Biographical details
- Born: August 10, 1926 Kingsport, Tennessee, U.S.
- Died: April 15, 2011 (aged 84) Lafayette, Louisiana, U.S.

Playing career
- 1947–1949: Hinds JC
- 1949–1951: Delta State

Coaching career (HC unless noted)
- 1951–1952: Morgan City HS (LA)
- 1952–1957: Starkville HS (MS)
- 1957–1973: Southwestern Louisiana
- 1974–1975: San Diego Conquistadors

Administrative career (AD unless noted)
- 1958–1960: Southwestern Louisiana

Head coaching record
- Overall: 293–126 (.699)

Accomplishments and honors

Championships
- 5× GSC regular season (1964, 1966–69); 2× Southland regular season (1972–73)*;

Awards
- 4× GSC Coach of the Year; Southland Coach of the Year (1973);

= Beryl Shipley =

American basketball player-coach

Beryl Clyde Shipley (August 10, 1926 - April 15, 2011) was an American basketball coach. A native of Kingsport, Tennessee, he is best known for his tenure as head coach of the University of Southwestern Louisiana—now as the University of Louisiana at Lafayette—from 1957 to 1973.

==Career==

Shipley was hired at what was then Southwestern Louisiana Institute in 1958. In 1966, Shipley recruited three black players, thus becoming the first collegiate coach in the Deep South to have black players on his team. In a region where Jim Crow was a way of life well into the 1960s—long after most Jim Crow laws were formally repealed—Shipley faced intense criticism and opposition for trying to integrate his teams. However, he said years later that he was tired of telling good players that he couldn't sign them because of an unwritten Gulf States Conference rule forbidding black players on conference teams. When state officials barred state money from being used to fund the scholarships for the players, Shipley had area black leaders chip in enough money to pay the players' way. However, this violated an NCAA rule against players receiving financial assistance from outside their family. In 1968, partly due to this, the Ragin' Cajuns were slapped with two years' probation and barred from postseason play during that time.
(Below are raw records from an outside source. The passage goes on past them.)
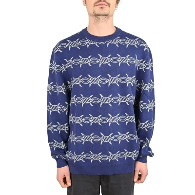 * The Santa Cruz Wired knitted jumper is a classic knitted fabrication, designed to be a warm layer on colder days * A blue cotton construction with bold, white details placed all over * Medium weight * Santa Cruz tag at the bottom of the hem * Materials: 100% Cotton * Fit: Regular through the shoulders and body, and we recommend taking your usual size * Model is 5'10" and of a slim build, wearing a Medium
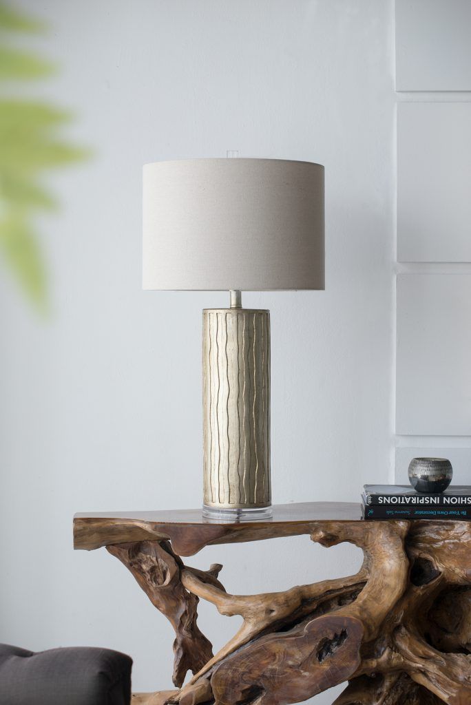 Discover the contemporary style of the gold finish with a vertical wave detail with this Table Lamp.
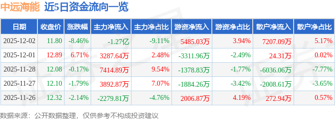 12月2日的资金流向数据方面,主力资金净流出1.27亿元,占总成交额9.11%,游资资金净流入5485.03万元,占总成交额3.94%,散户资金净流入7207.09万元,占总成交额5.17%。
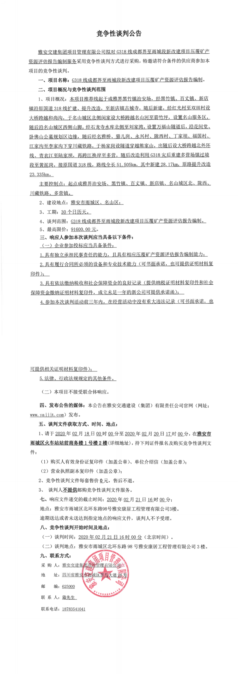 雅安交建集團(tuán)項(xiàng)目管理有限公司G318線(xiàn)成都界至雨城段新改建項(xiàng)目壓覆礦產(chǎn)資源評(píng)估報(bào)告編制競(jìng)爭(zhēng)性談判公告
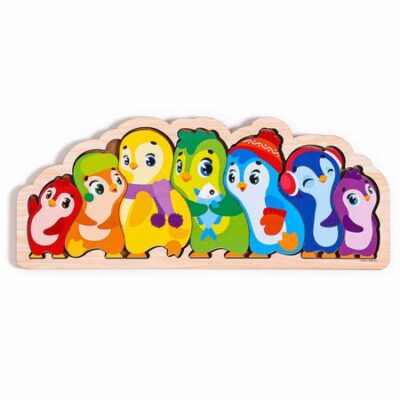 Головоломка деревянная для детей «Пингвины». <b> Головоломка для самых смышленых малышей!</b> Головоломка из отдельных фигурок — это не только игра в предложенной рамке, но и игра с деталями. Перед сборкой можете спросить у малыша название каждого элемента, узнать его отличительные признаки <b> Особенности головоломки:</b> <li> Размер игрушки: 24 х 10 см</li> <li> Количество деталей: 7</li> <li> Все детали выполнены из дерева</li> <b> Яркие персонажи, натуральные материалы, интересная сборка не оставит равнодушным ни ребенка, ни родителя.</b>
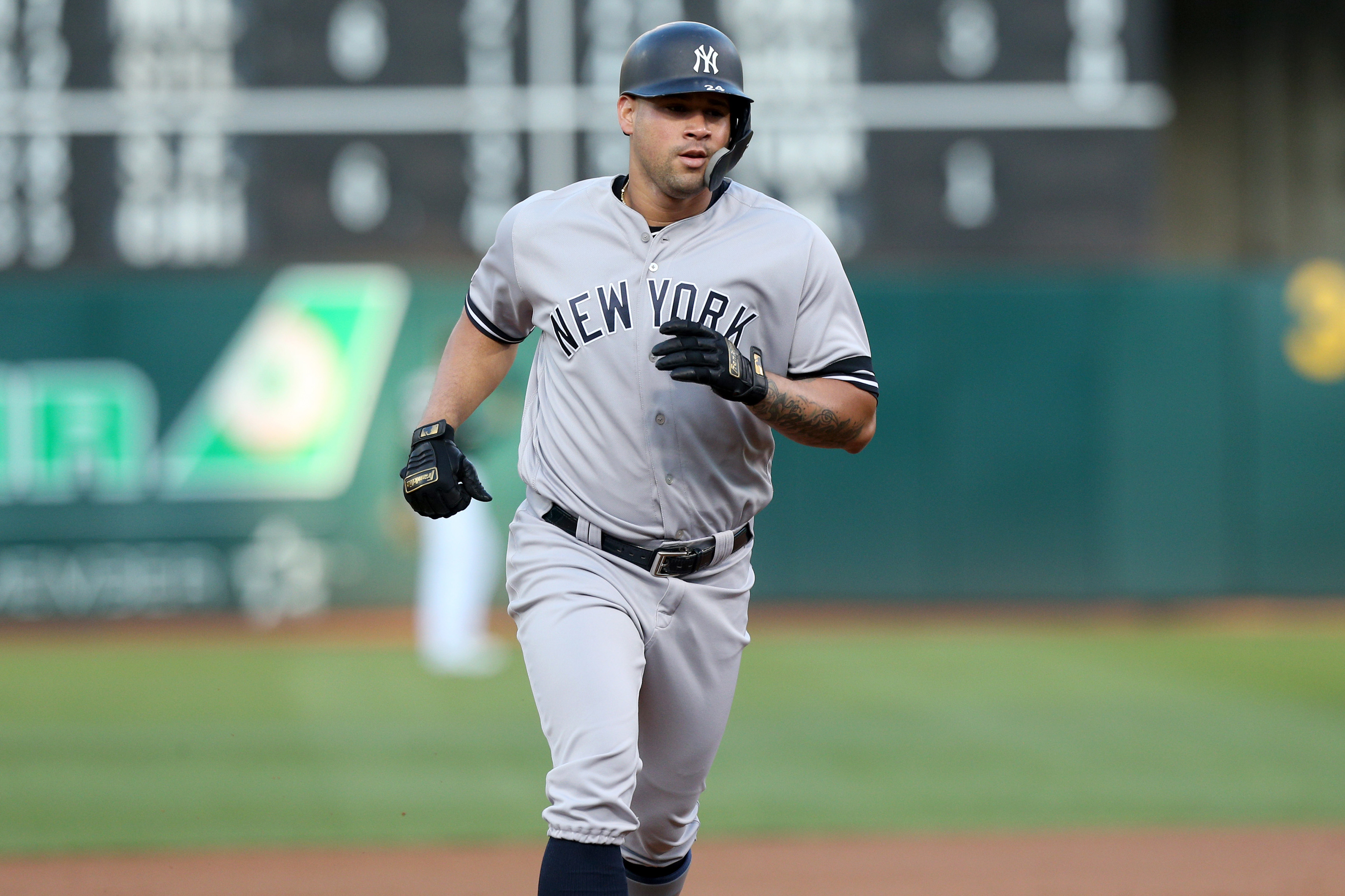Aug 20, 2019; Oakland, CA, USA; New York Yankees catcher Gary Sanchez (24) prepares to round third base after hitting a home run against the Oakland Athletics in the first inning at Oakland Coliseum. Mandatory Credit: Cary Edmondson-USA TODAY Sports / Cary Edmondson
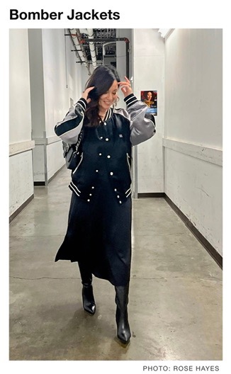 I’ve had requests for retro Varsity and Bomber Jackets lately. For my uber fashionista clients, I’ve been showing oversized Varsity jackets paired with evening wear. It’s so unexpected and we’ve been loving the juxtaposition of an oversize silk or leather bomber jacket paired with dressy delicate fabrics.
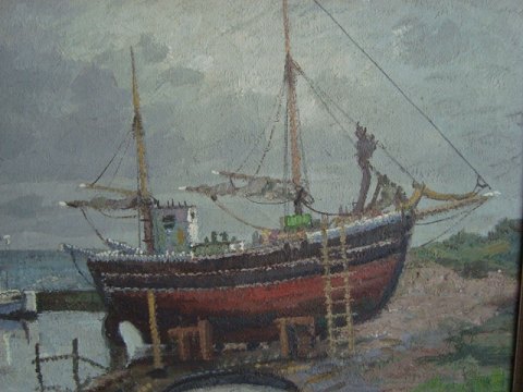 Jens Sinding Christensen (1888-1980): Fiskehuttere i havn. Olie på lærred. Sign.: Monogram JSC Bagpå lærred - No. 1685 38x49 (48x60)
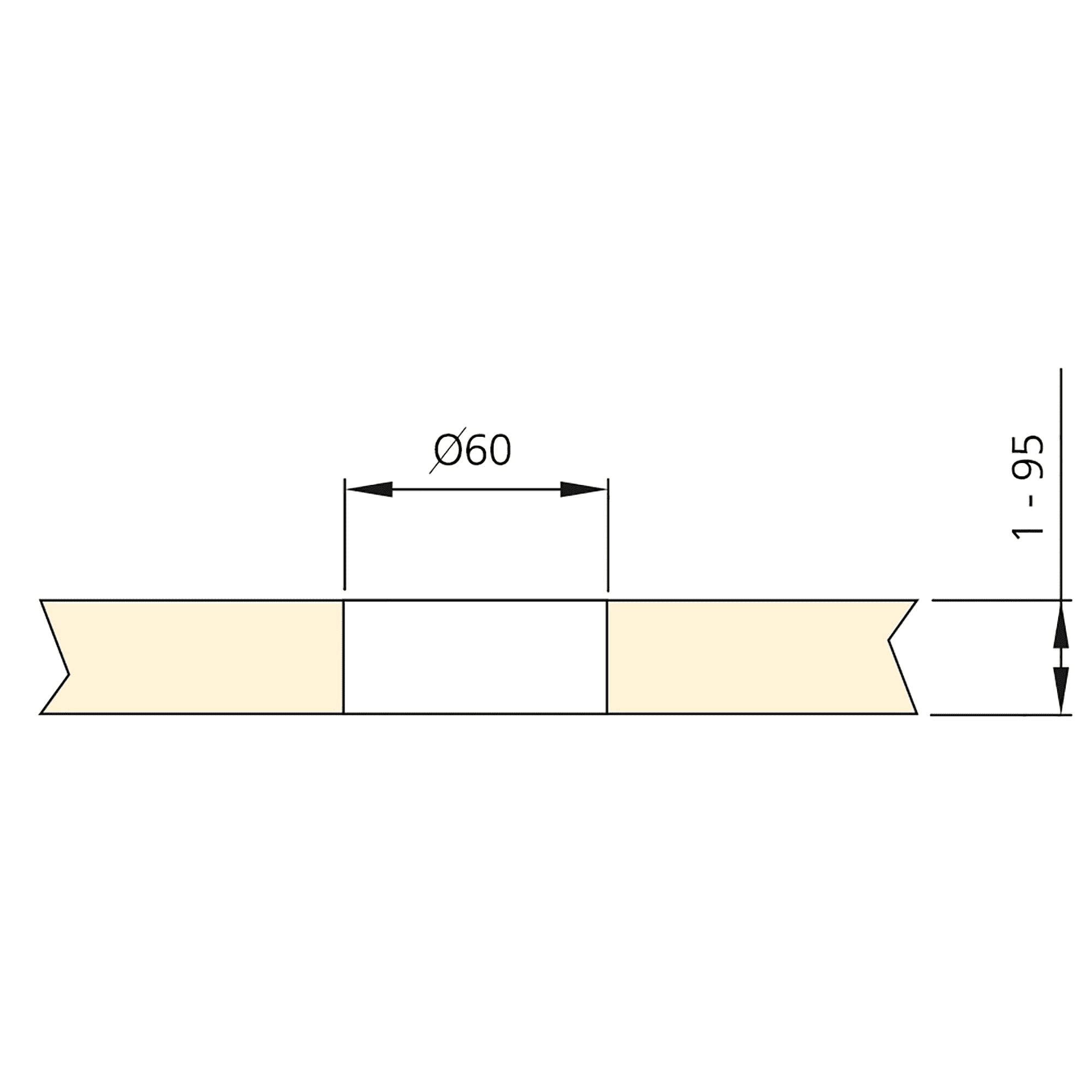 La sua istallazione è molto versatile, richiede solo un foro D. 60 mm ed ha la possibilità di essere montato in superfici di grande spessore, tra 1 e 95 mm. Inoltre si fissa al mobile senza necessità di ferramenta grazie a una bussola di fissaggio manuale. Dispone di un discreto indicatore LED di accensione e un cavo di 1,8 mt con presa per il funzionamento a 230V AC 50Hz.
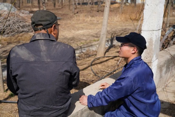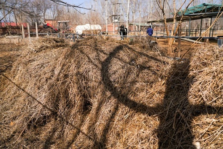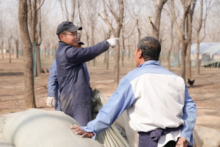 修理好水管,新朝和主要饲养鸡鸭鹅的阿姨想要把核桃林中储存的稻壳运送到育雏室里。但搬运这堆小山一样,每袋都一百多斤的稻壳,对于新朝和瘦小的阿姨,都太吃力了一些。于是他打电话寻求主要负责喂养牛羊的大叔来帮忙。
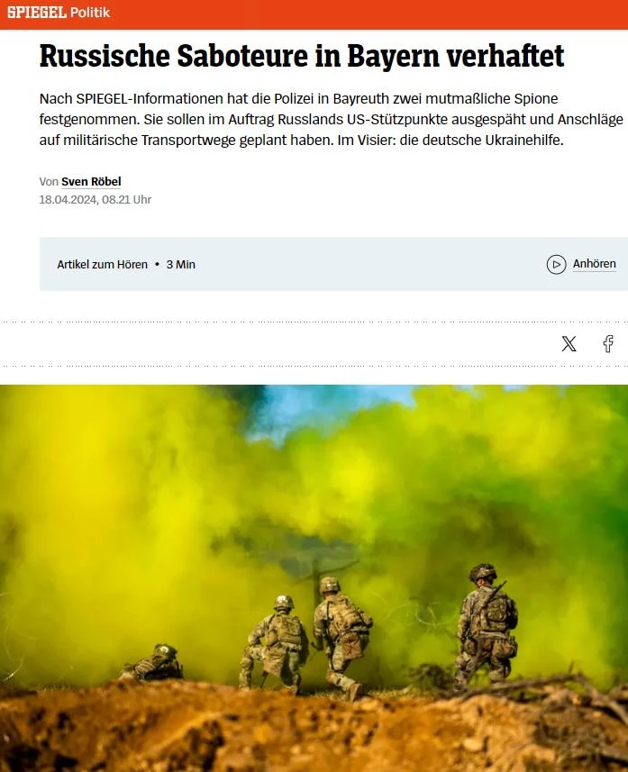 В Баварии задержали двух российских шпионов, планировавших диверсии на военно-транспортных путях и пытавшихся сорвать немецкую помощь Украине, пишет Spiegel.
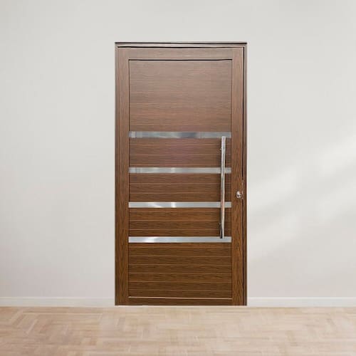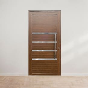 Porta Pivotante com Puxador e Friso Linha Roma 210x100 Amadeirada Lado Esquerdo Marrom
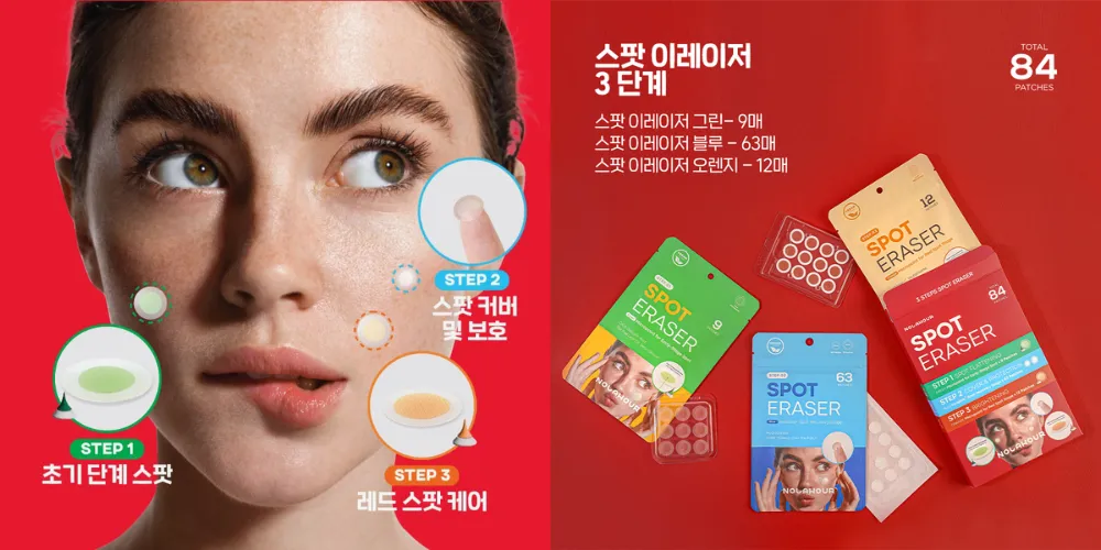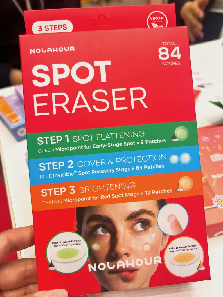 今韓国で大人気のアイドル”Billlie”とのコラボレーションでも話題の化粧品ブランド「NOLAHOUR(ノラアワー)」。1番の人気商品は「スポットイレイザー」という、3ステップのニキビパッチだ。韓国では当たり前のように、多くの方が使用しているニキビパッチだが、NOLAHOURの特長は、ニキビの状態別のシートを3段階にわけて使用しケアをするところ。天然エキスとニキビ鎮静成分を含むマイクロニードルを備えたパッチを貼ることで、ニキビを鎮静化し肌トラブルを健やかな状態へと導いてくれる。

Shipley did not take long to recover from the probation, however. In 1972, the Ragin' Cajuns jumped to Division I, finished in the top 10 of most major polls and advanced all the way to the Sweet 16 of the NCAA Tournament, becoming the first school to make the tournament in its first year of eligibility. They repeated this feat in 1973. However, a month after the tournament, Shipley abruptly resigned. That August, the NCAA found Southwestern Louisiana guilty of more than 125 violations. Most of them involved small cash payments to players, letting players borrow coaches' and boosters' cars, letting players use university credit cards to buy gas and buying clothes and other objects for players. However, the most severe violations involved massive academic fraud. The NCAA found that one of Shipley's assistants had altered a recruit's high school transcript and forged the principal's signature, and others close to the program had arranged for surrogates to take college entrance exams for prospective recruits. The NCAA responded by scrubbing the Ragin' Cajuns' 1972 and 1973 appearances from the books and shutting the program down for two years—the first time that the NCAA had ever punished a school with the so-called "death penalty," and to date the only multi-season cancellation ever handed down to a Division I member in any sport.

Midway through the 1974–75 season, he became coach of the ABA's San Diego Conquistadors.

==Retirement and death==
After this, he retired from coaching (with Bill Musselman taking on the vacant head coaching role for the later rebranded San Diego Sails) and became involved in the oil distribution business. In his later years, Shipley admitted to violating NCAA rules, but claimed he did so for "humanitarian reasons." In an interview with Sports Illustrated in 2011, he mentioned that one of his players came to school with only one set of clothes and no sheets for his bed. The player was too poor to buy them, so Shipley felt compelled to buy some for him out of his own pocket. However, he denied knowing about the academic fraud, and fought for years to clear his name to no avail. He was largely ostracized by Southwestern Louisiana/Louisiana-Lafayette for many years; school officials took the line that as the head coach, he should have had more control over the program.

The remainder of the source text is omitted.